Golpistas conseguiram lucrar R$ 3 milhões e enganaram mais de 35 mil alunos ao aplicar fraudes em candidatos interessados em se inscrever no Exame Nacional do Ensino Médio (Enem).
Os golpes eram realizados por meio da criação de sites falsos que desviavam o pagamento da taxa de R$ 85, que deveria ser paga pelos alunos, para as contas dos criminosos.

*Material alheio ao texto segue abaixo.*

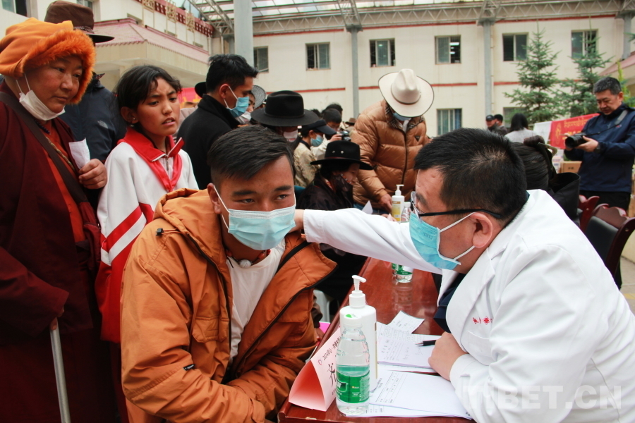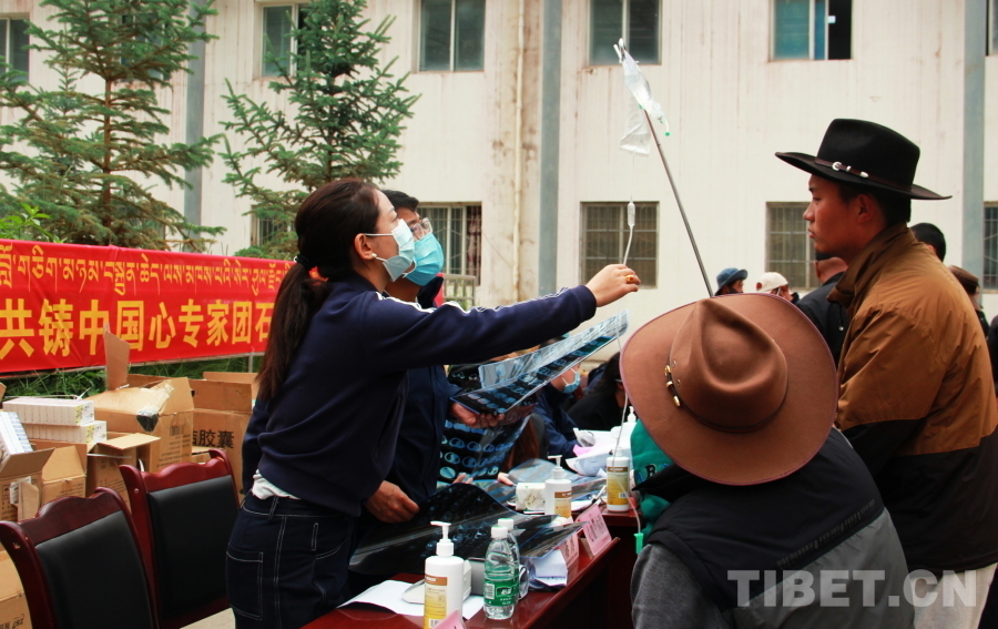 由于石渠縣海拔較高,參加義診的醫(yī)療專家們普遍發(fā)生頭暈、心悸等高原反應(yīng),有的血氧濃度甚至不到70%。在前往義診現(xiàn)場的車上還吸著氧的他們,見到這么多群眾排隊(duì)候診,顧不上身體不適,迅速投入到了診療工作中。

Nesta quinta-feira (10), a Polícia Federal anunciou a operação “Só Oficial” com o objetivo de desmantelar uma quadrilha. De acordo com as investigações, os estelionatários criaram portais que imitavam o site do Instituto Nacional de Estudos e Pesquisas Educacionais Anísio Teixeira (Inep) e os promoveram através de anúncios pagos nas redes sociais, de forma a atrair estudantes.
A investigação teve início após relatos de que candidatos haviam realizado o pagamento da taxa, mas não estavam registrados no sistema do Inep, responsável pela aplicação do exame.
Como a fraude foi perpetrada
Segundo a PF, os golpistas atuavam criando páginas falsas que levavam os alunos a cometerem erros durante a inscrição. Veja como funcionava:
Os criminosos desenvolviam um site que se parecia exatamente com a Página do Participante, fazendo com que os estudantes acreditassem que estavam acessando um canal oficial do governo federal.
Nesses sites, os estudantes eram instruídos a fornecer dados pessoais, como CPF e informações sobre a escola, e, ao final, eram orientados a realizar o pagamento da taxa.
A diferença é que, ao invés de gerar um boleto bancário oficial vinculado ao Inep, as páginas fraudulentas emitiam boletos ou chaves Pix que direcionavam o dinheiro para contas controladas pelos golpistas.
Os criminosos ainda promoviam os sites falsos através de redes sociais e aplicativos de mensagens, atraindo candidatos que buscavam o link de inscrição.
Impacto e andamento da investigação
A PF informa que os pagamentos realizados pelos sites fraudulentos não chegavam ao Inep, resultando na não inscrição dos estudantes no Enem.
Até o momento, pelo menos quatro páginas falsas foram identificadas, e a polícia está empenhada em localizar outras que possam ter sido utilizadas.
Os investigadores cumpriram mandados de busca e apreensão no Rio de Janeiro e em São Paulo. Os suspeitos podem ser responsabilizados por crimes como estelionato, falsidade ideológica e associação criminosa.
A operação recebeu o nome de “Só Oficial” para alertar a população de que a inscrição no Enem deve ser realizada exclusivamente pelo site oficial do Inep: enem.inep.gov.br/participante.
É importante ressaltar que o sistema oficial exige o login na conta gov.br e não há outros meios válidos para a inscrição ou pagamento da taxa.
O Inep e o MEC reforçam que os candidatos devem sempre verificar o endereço eletrônico acessado e desconfiar de links compartilhados em redes sociais ou aplicativos de mensagens.